Si le genre des mots influe autant sur notre représentation du monde, alors, comment font les Anglophones ? Ils n’ont pas de genre, tout est « it »… lorsqu’ils pensent à un chat, voient-ils un matou comme nous ou une chatte comme les Allemands ? La Lune, comment est-elle ? Se réfèrent-ils à un imaginaire de référence ? Il faudrait pour cela pouvoir essayer de voir dans les dessins animés par exemple, si la Lune, quand elle parle, est plutôt un homme ou une femme… La même question se pose pour les mots de genre neutre en allemand… Das Auto, ça fait quoi ?
Être bilingue, c’est maîtriser parfaitement deux langues, les parler, penser en chacune indifféremment, rêver dans les deux ? Ou est-ce plutôt concilier deux versions différentes du monde ? Pour quelqu’un qui serait bilingue allemand/français, serait- ce alors, lorsqu’il parle en français, imaginer le monde selon les genres français, puis, en parlant allemand, selon les genres allemands ? Si on est bilingue depuis tout petit, qu’on a vécu dans les deux pays, que nos parents nous ont toujours parlé en deux langues, peut-être est-ce possible de concilier ces deux visions, mais ça ne doit pas être évident, voire possible à priori de l’acquérir.
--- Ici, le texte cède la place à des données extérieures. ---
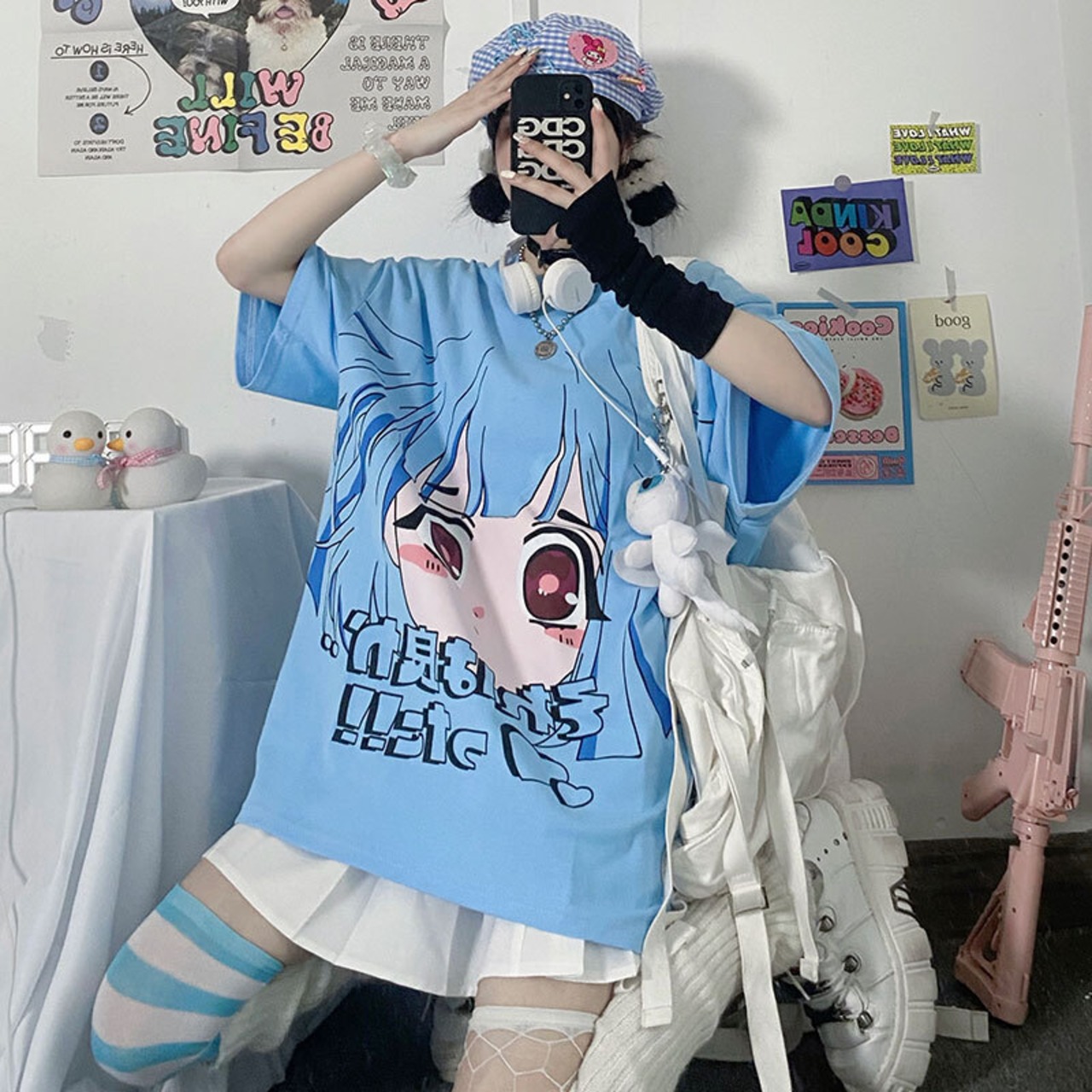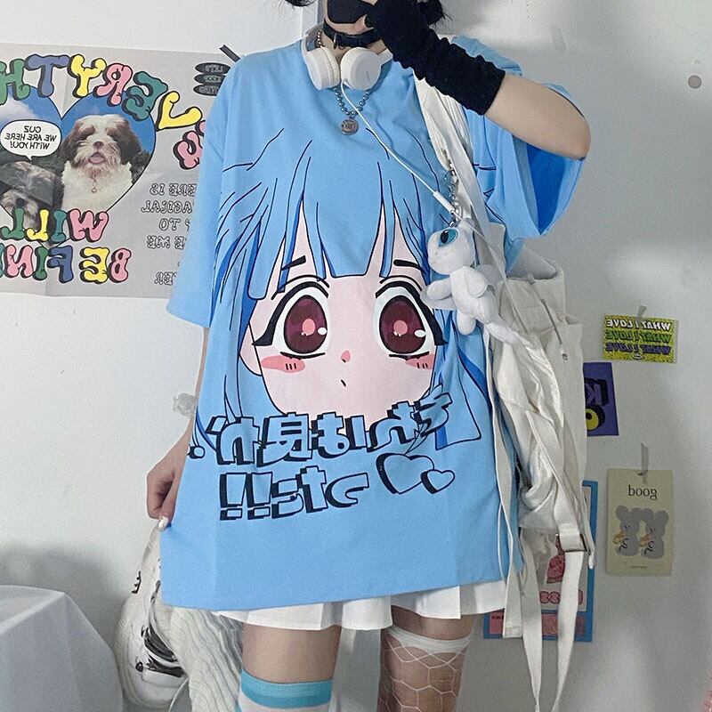 レディース夏服韓国ファッショントレンドプリントラウンドネックルーズシャツ Tシャツ 夏物 Oネック スタイル デーモン37706028971

On peut, par différents moyen, devenir excellent en une langue autre que la nôtre maternelle, la maîtriser de telle manière qu’on ne réfléchit plus pour la parler, qu’elle est très naturelle et fluide. Mais on ne peut pas s’empêcher, je pense, de toujours penser la traduction, c’est-à-dire, si l’on voit un mot isolé, par exemple « der Mond », on ne va pas penser en français « la Lune », mais on va visualiser, ça va être tellement inconscient qu’on ne va pas se rendre compte qu’on pense « la Lune », on l’associe à la Lune, les connexions se font automatiquement. Mais le résultat est qu’on s’imagine toujours la Lune comme féminine, et non masculine, comme l’est pourtant le mot allemand. Est-on alors bilingue ? Peut-on alors être bilingue ?
Il est aussi intéressant de constater le fait que la culture influe sur la langue, sur les mots, et donc sur la pensée, la perception : l’exemple des nombreux mots pour désigner les différentes manières « d’être un chameau » pour les peuples qui leur sont familiers, pour les différents états de la neige (qui, par ailleurs, est masculine en allemand… ) chez les Inuits, ou encore le fait qu’un seul mot désigne les couleurs vert, bleu et noir en mandarin : les Chinois ne perçoivent alors qu’une seule couleur là où nous en voyons trois. Si nous n’avons alors pas de mots pour désigner ce que l’on voit, on ne peut pas le voir, on n’a pas accès à des subtilités qui, parce que culturellement elles ne font pas partie de ce que l’on a eu un jour besoin d’expliquer, nous échappent. Les Chinois n’ont sans doute jamais cru bon de différencier ces couleurs, tout comme nous rassemblons la jeune chamelle pleine et le vieux chameau à la retraite sous l’étiquette « chameau », parce que nous n’avons pas besoin de ces distinctions, et lorsqu’il nous faut tout de même faire la différence, les adjectifs suffisent à caractériser. Il en est de même pour la neige, qui reste « neige » qu’elle soit poudreuse, scintillante ou mouillée.
On ne peut percevoir le monde qu’au travers du filtre du langage, celui-ci nous influence jusque dans notre manière de penser. Notre intellect entier est dirigé par ce langage, je l’ai montré ici par le genre des mots ; mais de telles observations peuvent aussi se faire au niveau syntaxique, dans la manière de construire les phrases ou de conjuguer les verbes, selon les auxiliaires utilisés ou tout simplement l’existence de différents temps (les deux présents anglais, par exemple). La langue est une des clés pour percevoir le monde, nos actions, notre existence même.